Mit Gebweiler aufs engste verbunden ist das
ehemalige Ritterstift von Murbach. Es geht zurück
auf eine vom heiligen Pirmin nach seiner
Vertreibung von der Insel Reichenau 727 gegründete
und von Graf Eberhard von Egisheim
gestiftete Benediktinerabtei. Im 8. und 9. Jahrhundert
war diese der kulturelle Mittelpunkt im
Oherelsaß. Der im Laufe der Jahre dem Kloster
zugewachsene große Besitz erklärt sich aus der
Tatsache, daß nur Adlige zu Chorherren ernannt
wurden, die eine Reihe von mindestens sechzehn
Ahnen vorweisen konnten. Das heute noch vorhandene
Ostwerk der einstigen Abteikirche, ein
Riesenmonument, das mit seinen zwei wuchtigen
Türmen zeitlos, dem Irdischen entrückt, auf
einem Anger in der Abgeschiedenheit des Waldtales
emporwächst, ist leider nur noch ein Überrest
des einstigen Gotteshauses. Das sich anschließende
Langhaus wurde bereits im 18. Jahrhundert
abgetragen. Aus dem Material baute
man in klassizistischem Stil die Notre-Dame-
Kirche in Gebweiler, deren gewaltige, in rotem
Sandstein errichtete Prunkfiassade an jene von
St.
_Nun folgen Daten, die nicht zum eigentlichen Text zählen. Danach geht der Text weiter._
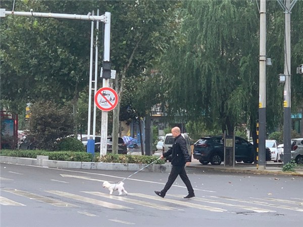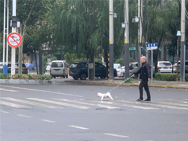 牵紧“文明绳”,做文明养犬人,创建人犬和谐的文明城市。10月10日14时许,在市中心城区中州大道与莲花路交叉口,一位男子外出遛狗时,给宠物狗拴上了牵引绳。②13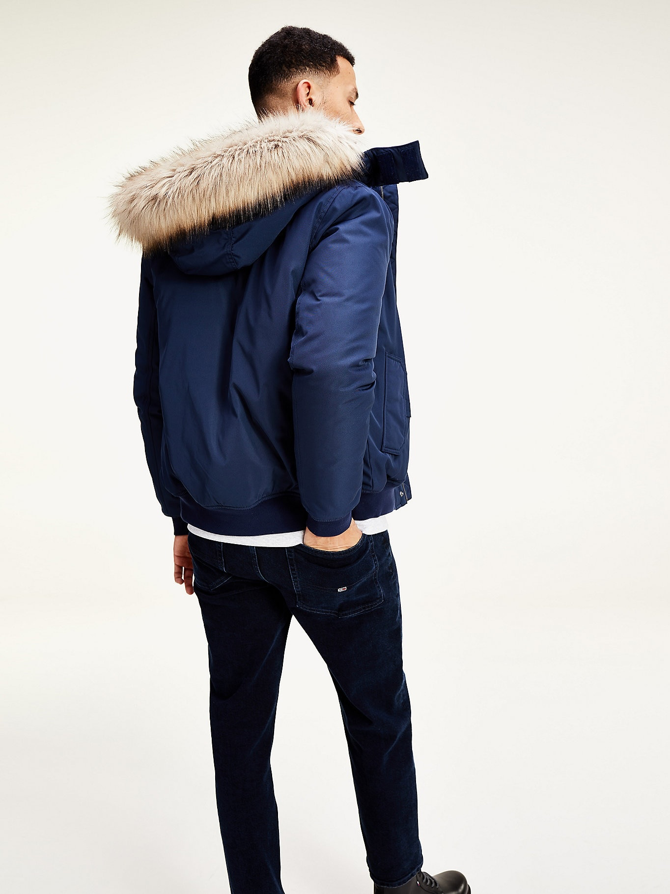 - Fur detail hooded bomber jacket shop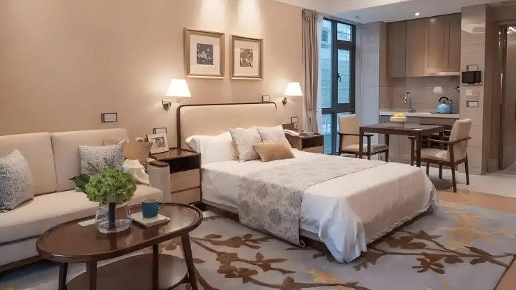 社区提供多种房型供长者选择,包括单人间、双人间、一房一厅、两房一厅及套房等,面积从45平方米至150平方米不等。单人间月费在12000元至18000元之间,配备独立卫浴、智能护理床、毫米波雷达跌倒监测系统等高端设施,为长者提供私密、舒适的居住空间;双人间月费8000元至12000元,适合伴侣或朋友共同入住,既能相互陪伴又能节省费用;VIP套房月费30000元起,房间内装修豪华,设施一应俱全,尽显尊贵与品质。无论长者选择哪种房型,都能在社区中找到适合自己的温馨家园。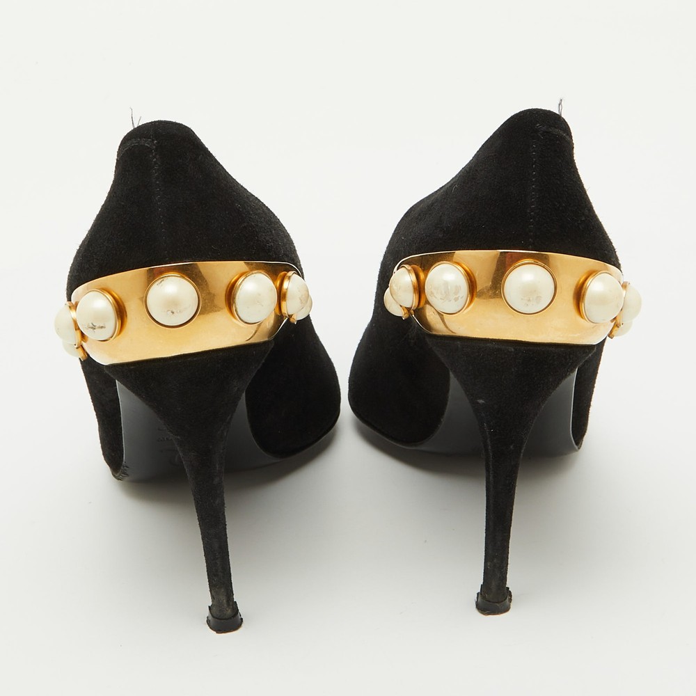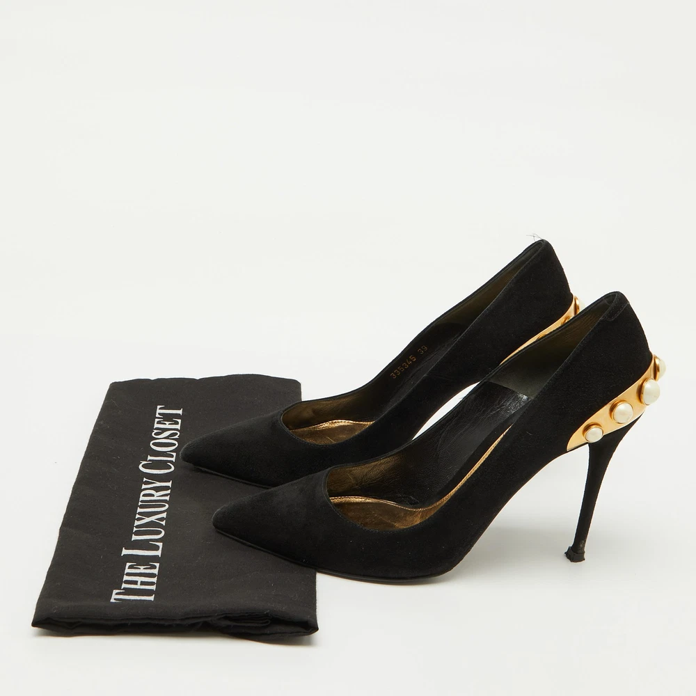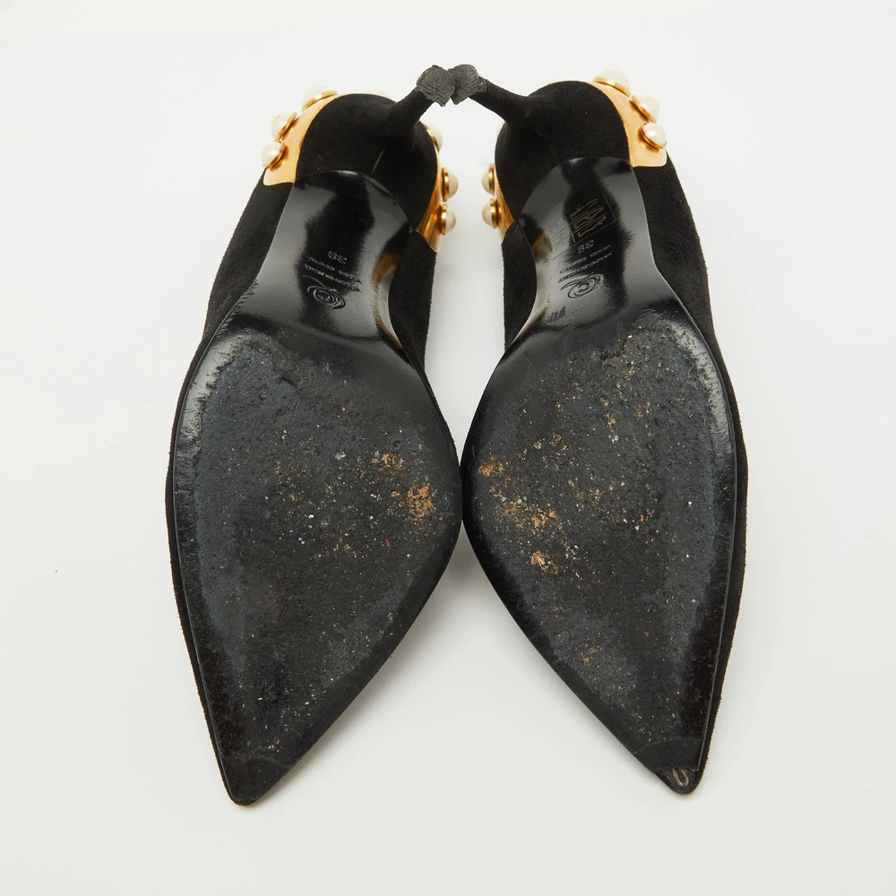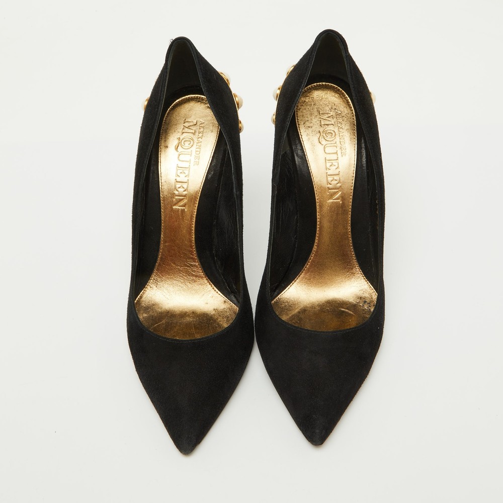 Alexander McQueen Black Suede Pumps with Gold Trim and Faux Pearls Size 39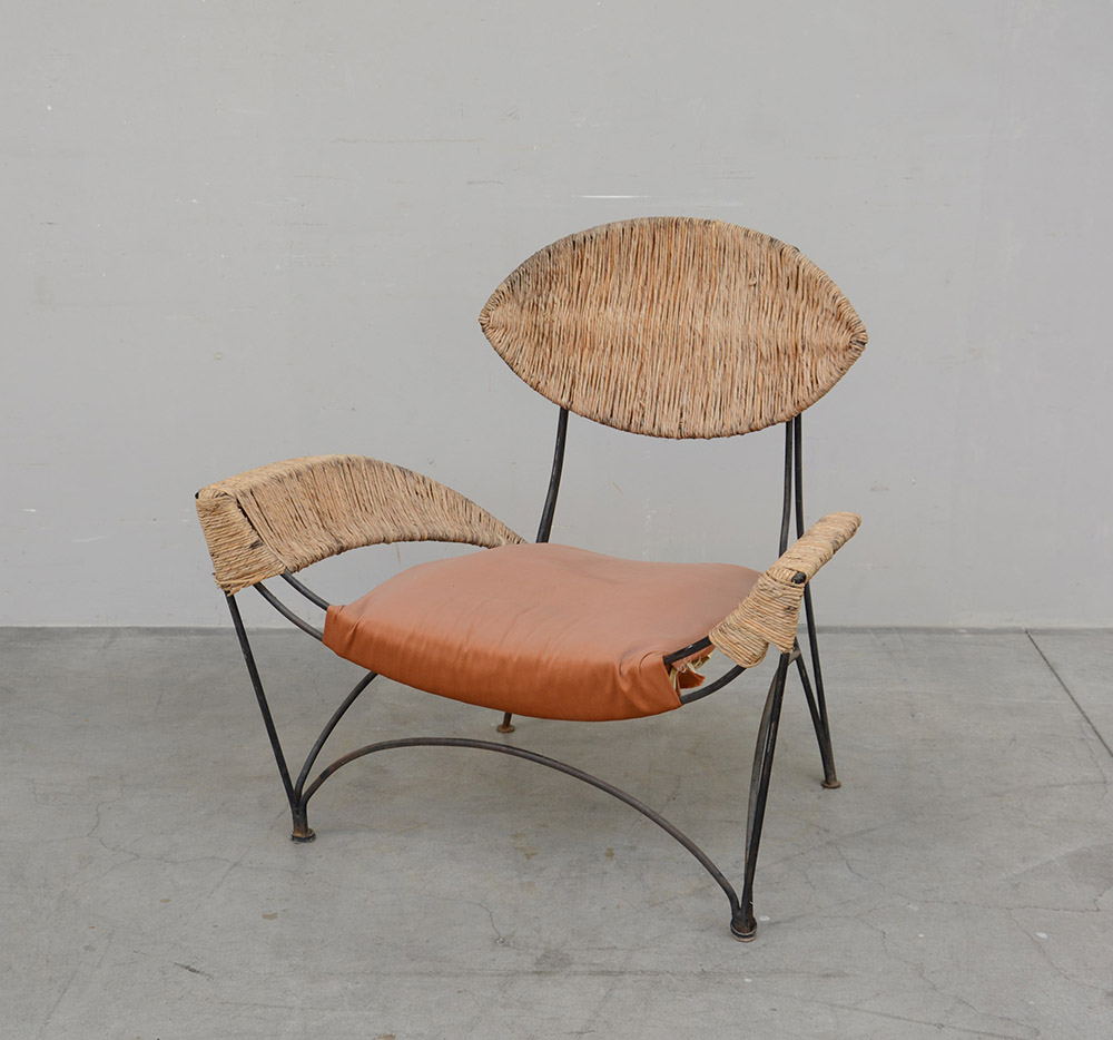 Tom Dixon Poltrona modello "Baby Fat". Struttura in tondino metallico, seduta, schienale e braccioli in paglia. Prosuzione Cappellini, Italia 2012 (cm 94x91x68) (difetti)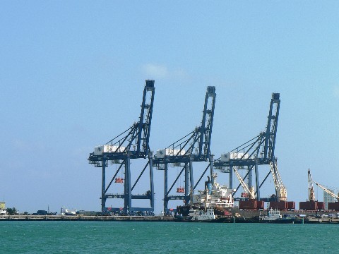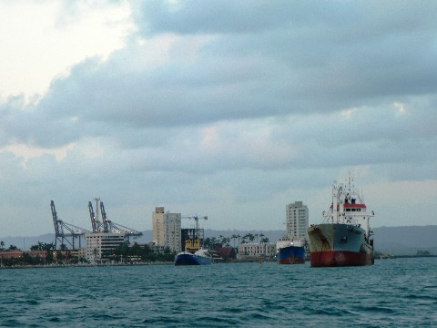 Unsere ersten Bilder von dem Vorhafen zu den großen Schleusen des Panama Kanals. Mann kann sich dass so vorstellen, dass weit vor dem Schleusenbereich, cirka 5 Seemeilen entfernt, ein riesiger Vorhafen ist, in dem Schiffe be-und entladen werden und auch zum Teil auch nur vor Ankerliegen. Vor diesem riesigen Vorhafen ist aber die eigentliche Reede und dort lagen bestimmt an die 50 Frachter.
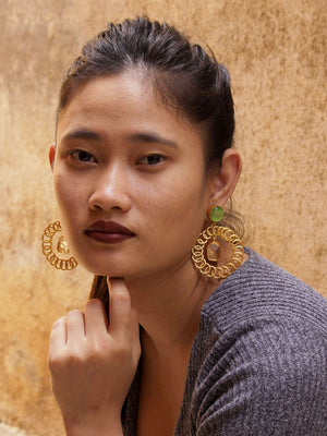 Avismaya Gold Plated Semi-precious Monalisa Stone Designer Earrings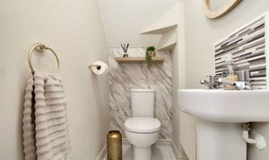 With karndean vinyl flooring, WC, radiator and wash hand pedestal basin.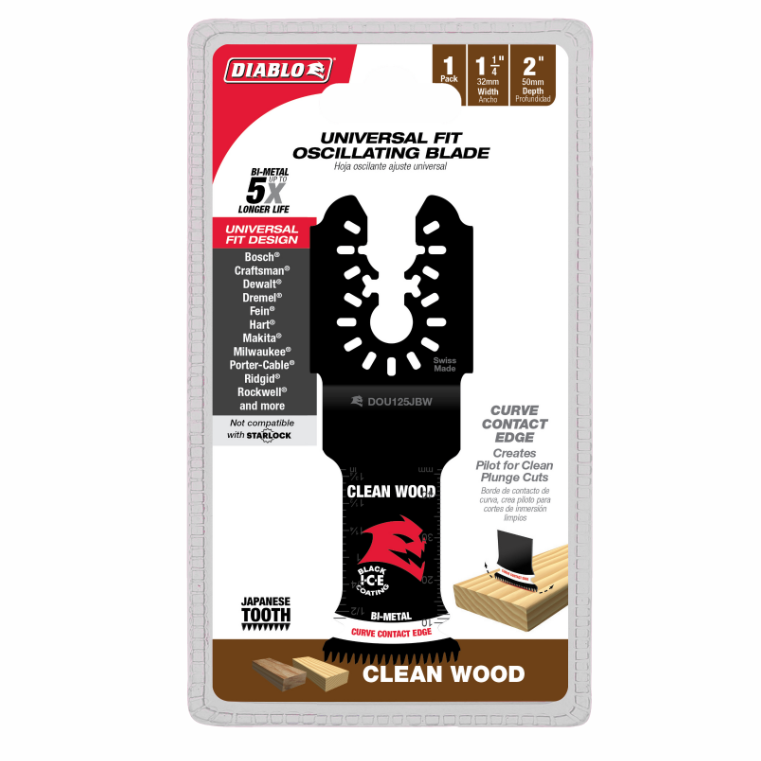 Diablo’s universal fit bi-metal oscillating blades feature application specific designs that deliver maximum durability and longer life in clean wood applications. These high-performance blades feature an ultra-hardened cutting edge to deliver up to 5X longer life than standard blades. Curve contact edge creates a pilot for precise, clean plunge cuts with less vibration. An optimized Japanese tooth design and Black I.C.E. (Industrial Cooling Element) keeps the teeth cool and build up free for fast, clean cuts. The blade’s universal fit, adapter-free design easily attaches most tools, with the exception of Starlock tools.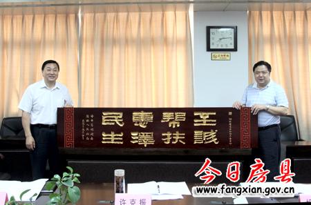 圖為縣委書記沈明云向省發改委主任許克振贈送牌匾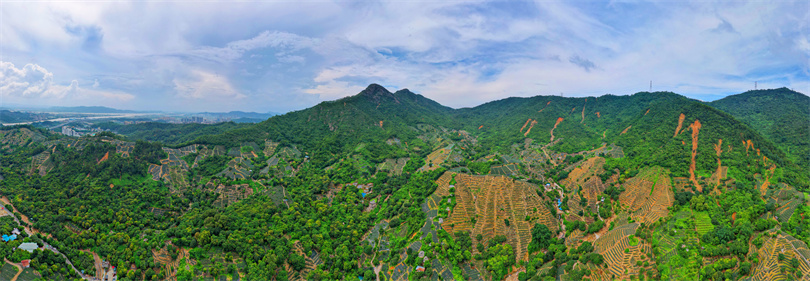 神灣菠蘿產(chǎn)業(yè)園,丫髻山及附近的菠蘿種植場如一塊塊梯田點綴其間。(攝影|余兆宇)
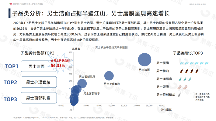2023年1-6月男士护肤子品类销售额TOP3分别为男士洁面、男士护理套装以及男士面部乳霜,其中男士洁面的销售额占整个男士护肤品类的56.33%,占据了男士护肤超过一半的比例,在此数据下这三大子品类的竞争也是略显激烈;男士唇膜以及男士润唇膏呈现猛烈的增长趋势,尤其是男士唇膜品类环比增长高达8500.62%,这表明男士越来越注重自己的唇部状态,除此之外男士精油、男士颈膜以及男士眼部精华也呈现高速的增长趋势,男士也开始提高对抗老的重视程度。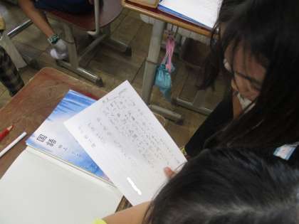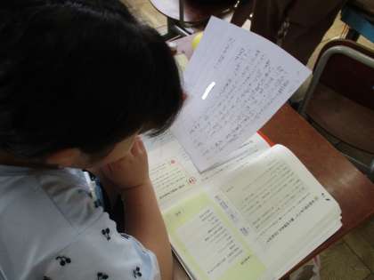 下書きが完成したので、友達と読み合って、字の間違いや内容の確認をしました。自分では間違いがないと思っていても、友達に見てもらうとあっ!と思うことがありますね。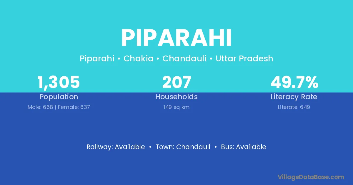 The literacy rate of Piparahi village is 37.74%. Male literacy stands at 47.28% and female literacy at 27.59%.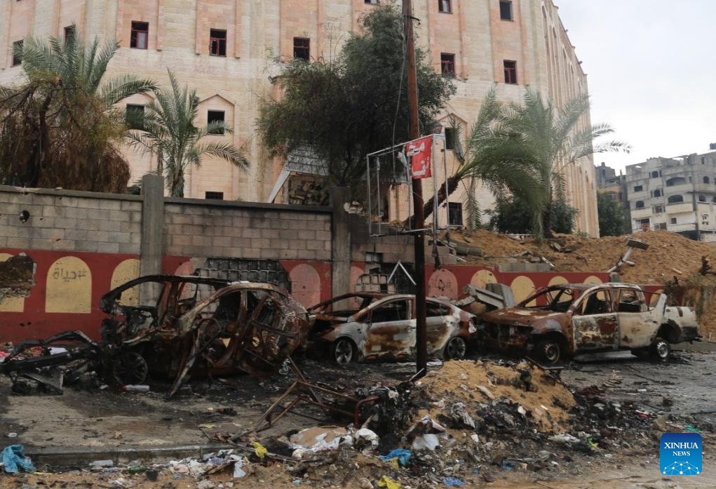 Photo taken on Jan. 11, 2024 shows damaged vehicles in the northern Gaza Strip town of Beit Lahia. The Palestinian death toll from ongoing Israeli attacks on the Gaza Strip has risen to 23,469, the Gaza-based Health Ministry said on Thursday. (Photo by Abdul Rahman Salama/Xinhua)

Blasien im Schwarzwald anklingt. Das unversehrt
erhaltene Ostwerk von Murbach ist immerhin
noch so groß, daß es heute die Gläubigen des
Dorfes und seiner Umgebung beim Gottesdienst
bequem zu fassen vermag.

Das im Tal der Lauch gelegene Lautenbach
besitzt in seiner ehemals zu einem Kollegiatstift
gehörenden Kirche St. Michael und Gangolf eines
der schönsten Zeugnisse romanischer Baukunst
im Elsaß. Obwohl nur einer der Türme ausgebaut
wurde, ist das Äußere der im 12. Jahrhundert als
kreuzförmige Basilika erbauten Kirche eindrucksvoll
, vor allem die dreischiffige Vorhalle mit den
teilweise spiralisch kannelierten Säulen und den
reich gezierten Kapitälen.

Ungefähr in dieselbe Zeit reichen die Anfänge
des künstlerisch und kunstgeschichtlich für das
gesamte Elsaß wichtigen Baues der Liebfrauenkirche
zu Rufach zurück. Die architektonische
Aufteilung des im 14. Jahrhundert begonnenen
Westwerkes, das dem um 1230 begonnenen Langhaus
vorgeblendet wurde, lehnt sich stark an den
ersten Fassadenriß des Straßburger Münsters an.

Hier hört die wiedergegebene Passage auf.